UNASSIGNED: This treatment approach demonstrates that the 0.18 mg FAi is a useful adjuvant for the treatment of noninfectious uveitis but may not be adequate as solo therapy.
摘要:
■0.18mg醋酸氟轻松植入物(FAi)的销售时间长达36个月,用于治疗非感染性葡萄膜炎。在0.18mgFAi之前额外的短期皮质类固醇爆发,随后尝试使用0.18mgFAi进行长期炎症控制,这可能是有益的,因为植入物的剂量较低。我们回顾性回顾了在我们机构接受这种治疗方法的所有患者,以确定其疗效。
■接受皮质类固醇激素爆发后接受0.18mgFAi并在0.18mgFAi后至少6个月随访的患者被包括在内。主要结果,治疗升级(定义为炎症恶化需要治疗升级),使用Kaplan-Meier分析进行建模。次要结果包括囊样黄斑水肿(CME),黄斑中心厚度,视网膜血管炎,视敏度,前房和玻璃体细胞,使用全身治疗,使用皮质类固醇滴剂,IOP,降低IOP的药物数量,需要青光眼手术,需要白内障手术,和额外的局部皮质类固醇。

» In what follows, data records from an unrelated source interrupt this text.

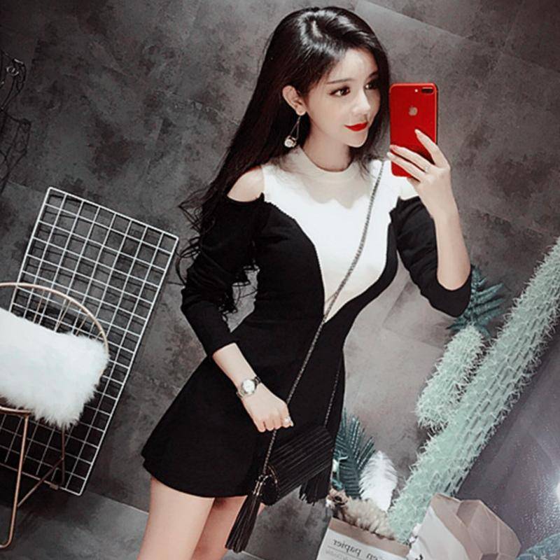 秋冬新款韩版性感漏肩黑白拼色修身显瘦A字连衣裙女长袖针织裙子
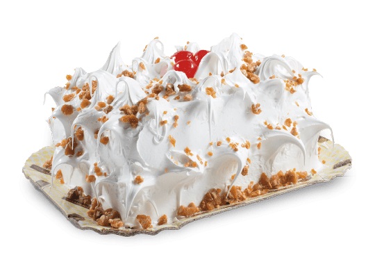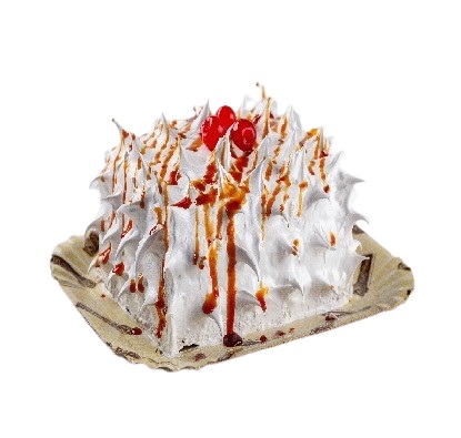 Bolo branco, recheio de doce de leite e baba de moça, cobertura de marshmallow, calda de caramelo e cerejas (decorativas).
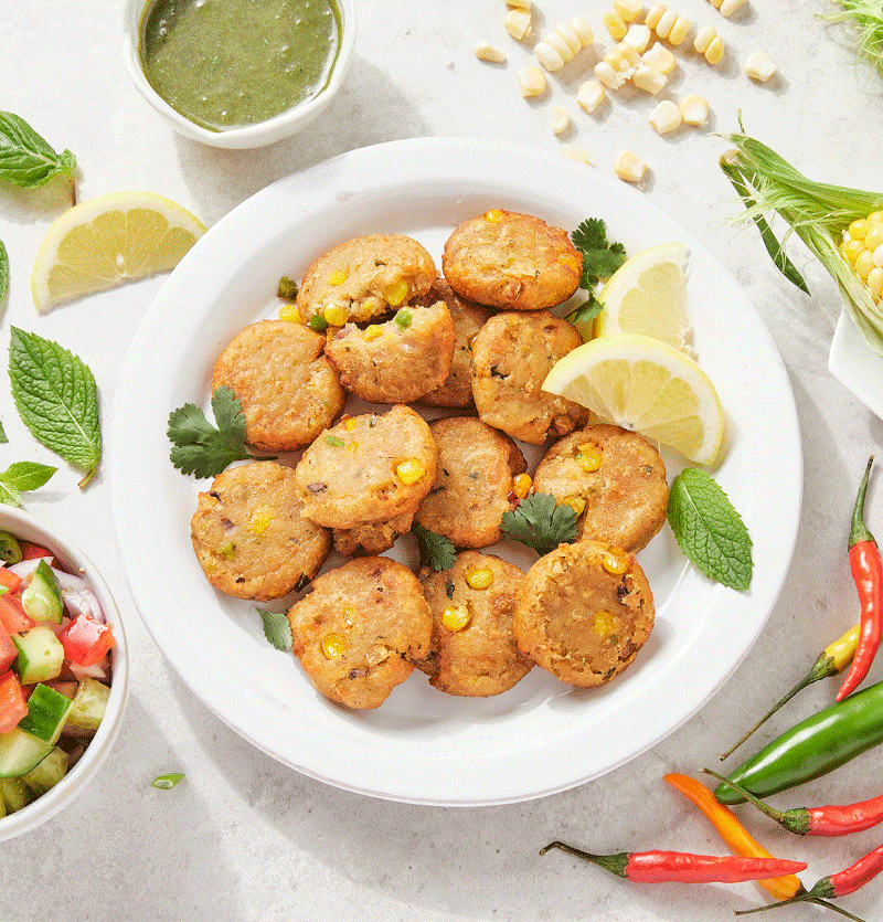 Corn kebabs are rich in garlic and spiced with a delicate blend of masala/spices.
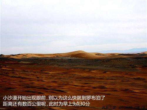 不知不覺我們已經(jīng)行駛了3個(gè)小時(shí)了,此時(shí)已經(jīng)是早上的9點(diǎn)30分了,小沙漠開始出現(xiàn)在路旁,但這只是一個(gè)開始,距離我們的目的地羅布泊還有數(shù)百公里的距離呢。經(jīng)過小休的我們突然間都打起了精神,因?yàn)檠诺さ孛惨呀?jīng)出現(xiàn)了...
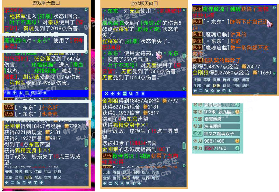 副本是一个除了蹲36和SX爆发矛盾比较多的地方,每天每个区平均基本都有好几十队刷FB,人多事情就多了起来,事情一多,就会有些许的摩擦。比如队员挂机、队长挂机、带队的队长不动、辅助死人不救........ 小编今天给大家带来的就是发生在各种副本里的二三事,这些经历,你有没有遇到过一两件? 万兽一般进副本都会挂狂抓,虽然没有飞机的输出高,但是也算是一个输出了;各位万兽的玩家是不是这样? 万万没想到,这里有个1224飞升的万兽,进了110副本跨服之后,变着龙女卡挂防御?居然有这样令人窒息的操作,很强势。 就是这个万兽了,大家可以看一看。不过这件事发生之后这位玩家澄清说是因为有事出去了,由没玩过游戏的女朋友帮忙看的号,不懂。所以,希望能谅解一下。女朋友:“这个锅我背!” 好的,知道你有女朋友了。微笑.jpg。 说完了挂机,我们来说说不挂机。一般辅助不挂机的时候,小编下FB就会异常安心的挂机;但是你们会不会遇到即使辅助不挂机也不救你的情况,要么你输出不够是奶粉,要么你挂机不加血不加蓝。但是这个锅还是要辅助背.... 下面这种情况,小编就没见过了,同队友是了,身为不挂机的DF把这个死了的队友救了起来,不过下一回合被对面怪集火死了,不救也没什么,但是反而要被嘲讽?谁说DF就不能被打死了?你试一试被集火? 这个操作有点过分吧?这让辅助以后怎么救人?辅助玩家有遇到过这种人吗? 不知道你们现在多少级,能打多少级的FB..90级的副本里有一个环节,里面的怪是三只齐王死士,必须要同一回合给打死,不然就会无限的“不求同年同月同日生,但求同年同月同日死”。 一般小编进去这个副本几个回合基本能将三只全部给打死,毕竟五个单位加五个BB输出。 但是,真正的死士就是在主公已经不在的情况下,还顽强的坚守大本营。活生生的将五个玩家给拖到没蓝给打死了......整整打了37回合。让小编怀疑自己打的90FB是不是个假的副本。 以上。 小编记得很久之前的FB不是这样的,那时候的人挂机,是因为要打字聊天,基本都看着号,FB俨然成为了一个交友的最佳场所,没事调侃下你的染色,讨论下你的BB..... 副本里的二三事,欢迎大家投稿,将发生在你身上及周围的FB里的各种事告诉我们,或者将你在FB里遇到的那些无素质玩家曝光!还副本一个愉悦的交友刷怪环境! [编辑:Hi、何同學]
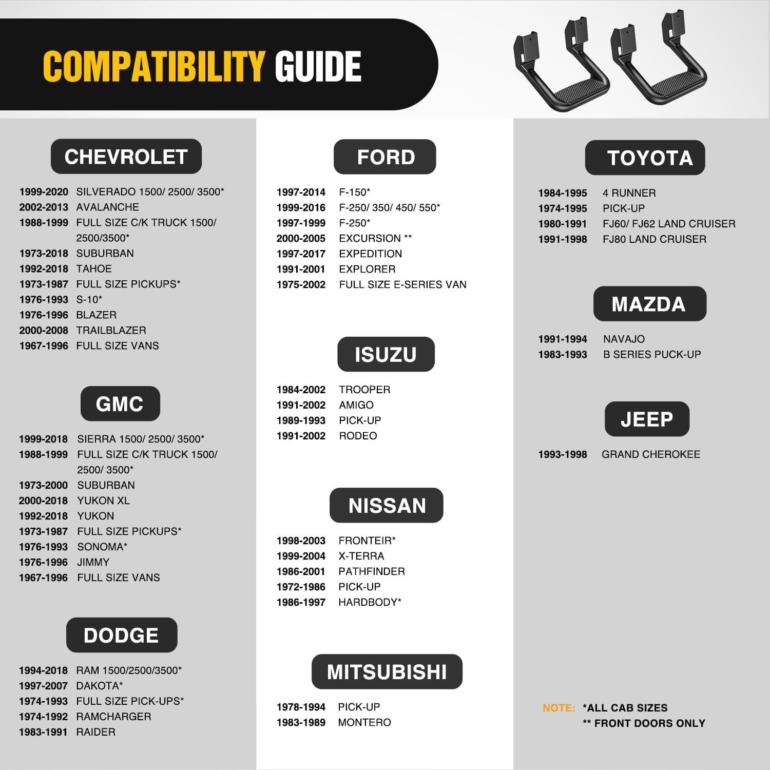 - 【VERSATILE FIT】- The universally-compatible Nilight Step offers both style and substance, elegantly enhancing accessibility for most trucks and SUVs, granting passengers an effortless lift into their cabins. Please check the pictures and make sure it fits your car before you buy it.
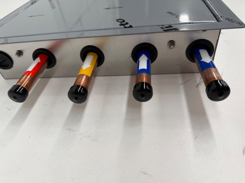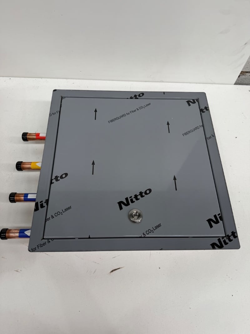 Nitto brand CO2 laser cutting head assembly featuring a precision-engineered optical platform with integrated cooling system. The unit includes four color-coded copper tube connectors (red, yellow, blue, and blue/white) for gas and coolant circulation. The grey anodized aluminum housing displays "Nitto" branding and directional flow arrows. The top panel features a central mounting point and alignment indicators. This appears to be a professional-grade laser optics module designed for industrial cutting applications. Untested, sold as is.
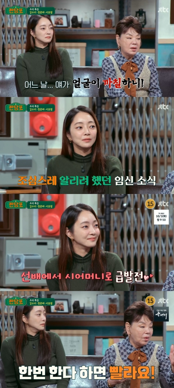 서효림은 시어머니인 김수미가 혼전 임신 사실을 밝혔다고 했다. 김수미는 "(서효림이) 나랑 같이 예능프로그램을 찍고 있었는데 얼굴이 까칠하더라. 왜 그러냐고 물었더니 '요즘 피곤해서 그래요'라고 했었는데 내 손녀를 임신한 줄은 몰랐다. 당시에는 내 아들이랑 연애하고 있는 것도 몰랐다"고 밝혔다.
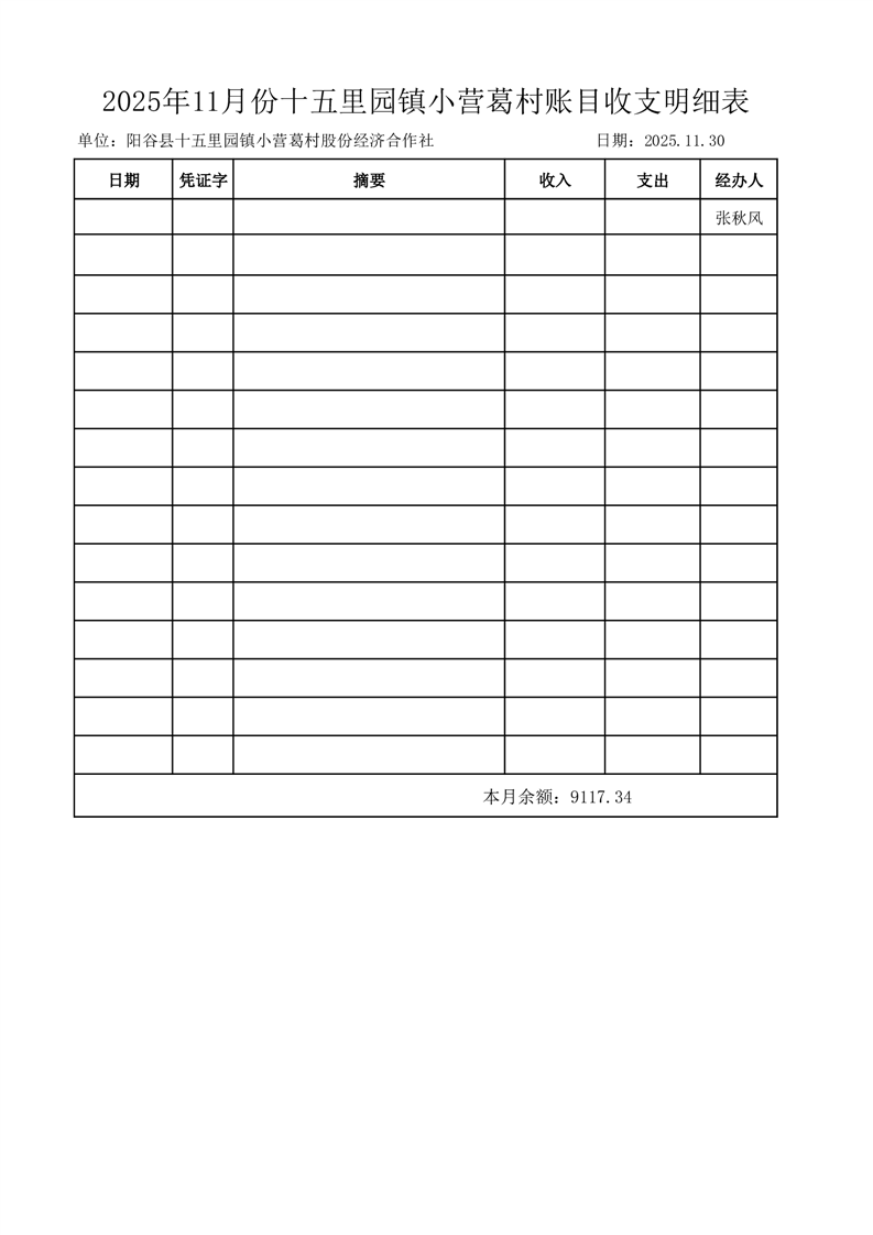 2025年11月份十五里园镇小营葛村账目收支明细表
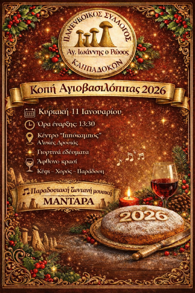 Ο Πανευβοϊκός Σύλλογος Καππαδοκών «Άγιος Ιωάννης ο Ρώσος» προσκαλεί τα μέλη και τους φίλους του στην ετήσια κοπή της πρωτοχρονιάτικης πίτας του, την Κυριακή 11 Ιανουαρίου 2026 και ώρα 13:30, στο κέντρο «Ιππόκαμπος», στις Αλυκές Δροσιάς.
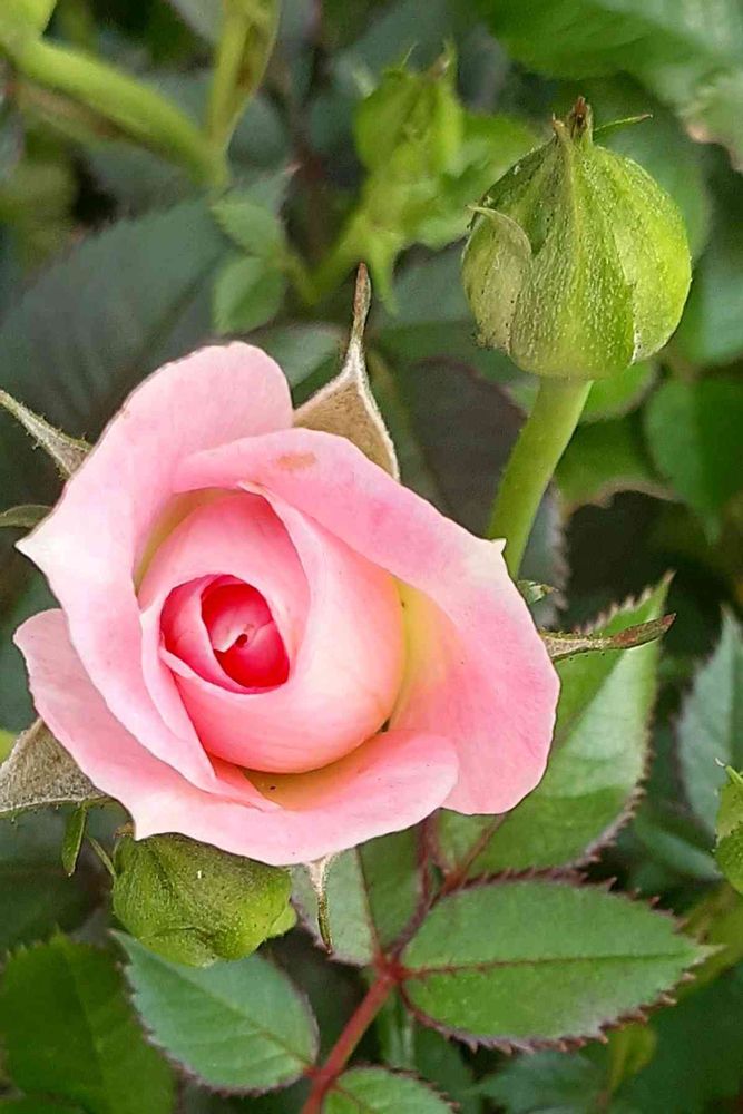 4色のバラどれも前回剪定したあとで、ニョキニョキ新芽新葉が出ています🌿

■32只眼(平均随访:19.8个月)。在皮质类固醇爆发之前,37.5%的患者接受系统治疗,53%有CME,25%患有视网膜血管炎。在FAi访问中,CME已降至18.8%。FAi后平均治疗升级时间为20.3个月(95%CI14.8-25.7个月)。没有患者停止全身治疗,平均15.0%的眼睛在每个随访间隔需要额外的局部皮质类固醇。
■这种治疗方法表明,0.18mgFAi是治疗非感染性葡萄膜炎的有用佐剂,但可能不足以作为单独治疗。
■接受皮质类固醇激素爆发后接受0.18mgFAi并在0.18mgFAi后至少6个月随访的患者被包括在内。主要结果,治疗升级(定义为炎症恶化需要治疗升级),使用Kaplan-Meier分析进行建模。次要结果包括囊样黄斑水肿(CME),黄斑中心厚度,视网膜血管炎,视敏度,前房和玻璃体细胞,使用全身治疗,使用皮质类固醇滴剂,IOP,降低IOP的药物数量,需要青光眼手术,需要白内障手术,和额外的局部皮质类固醇。
■32只眼(平均随访:19.8个月)。在皮质类固醇爆发之前,37.5%的患者接受系统治疗,53%有CME,25%患有视网膜血管炎。在FAi访问中,CME已降至18.8%。FAi后平均治疗升级时间为20.3个月(95%CI14.8-25.7个月)。没有患者停止全身治疗,平均15.0%的眼睛在每个随访间隔需要额外的局部皮质类固醇。
■这种治疗方法表明,0.18mgFAi是治疗非感染性葡萄膜炎的有用佐剂,但可能不足以作为单独治疗。